In order to get a copy of the minutes of the criminal case, the interested person must submit a statement of the appropriate content. After consideration of such and its signing by the judge within three days, the clerical officers are obliged to prepare an exact copy of the document for its issuance and, after being certified by the judge’s signature, send it to the person who requested the document.

Legal experts often note that requesting a copy of the protocol is another way of familiarizing yourself with this type of document of a procedural nature, a significant advantage of which is that when it is used, a duplicate of the act remains in the hands of the person.

It is important to note that a person has a limited period of time to perform this action - 5 days from the moment of signing the protocol and its transfer to the court registry.

Practice shows that in some situations, the court refuses to provide copies of the protocols. Procedural law recognizes this action as unlawful, on the basis of which lawyers recommend appealing such a decision in a procedural manner.

The protocol of the court hearing in the criminal case of the Russian Federation

Issue

Currently, many specialist lawyers are studying the problems in the field of criminal law, one of which is the presence of gaps in the process of preparing the minutes of a court hearing in a criminal case and its implementation in practice.

Many experts believe that Article 259 of the Code of Criminal Procedure, which governs the preparation of the document in question, is subject to revision and amendment.
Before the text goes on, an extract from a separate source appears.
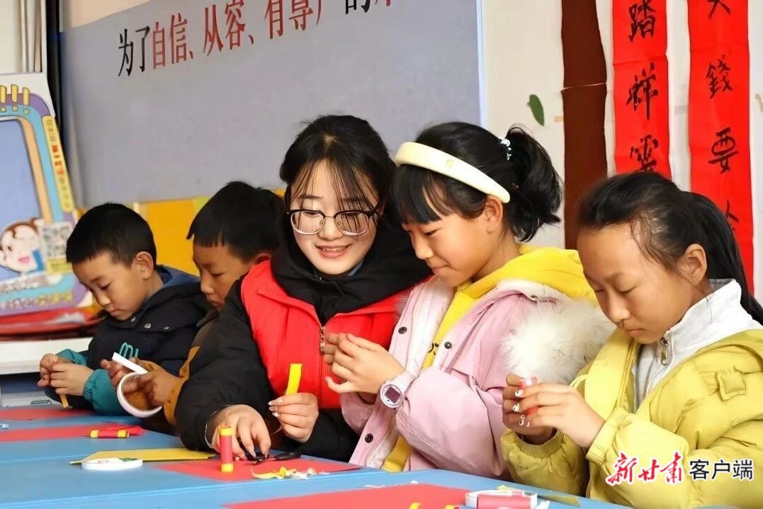 在庆阳市,返乡大学生们参与“共青团·伙伴计划”寒假爱心托管班活动。为孩子们提供系统的课业辅导、兴趣拓展与安全教育服务。(文中图片均由团省委提供)

This is due, first of all, to the fact that it, in essence, casts great doubt on the legality of the minutes of the meeting drawn up during the hearing of a criminal case, despite the fact that this document is the only evidence of the factual most important procedural action.

Many lawyers share the opinion that the content of the article in question does not contribute to the correctness of the protocol. Also, the testimonies of the parties presented in the document are in fact not always considered doubtful.

The above opinions are based, first of all, on the fact that in practice there is a widespread practice of the parties to the process submitting comments on the contents of the protocol, which, for the most part, are rejected by the judges. In this regard, many people have a suspicion about the lack of impartiality of judges, as well as their bias and, as a consequence, the injustice of their decisions.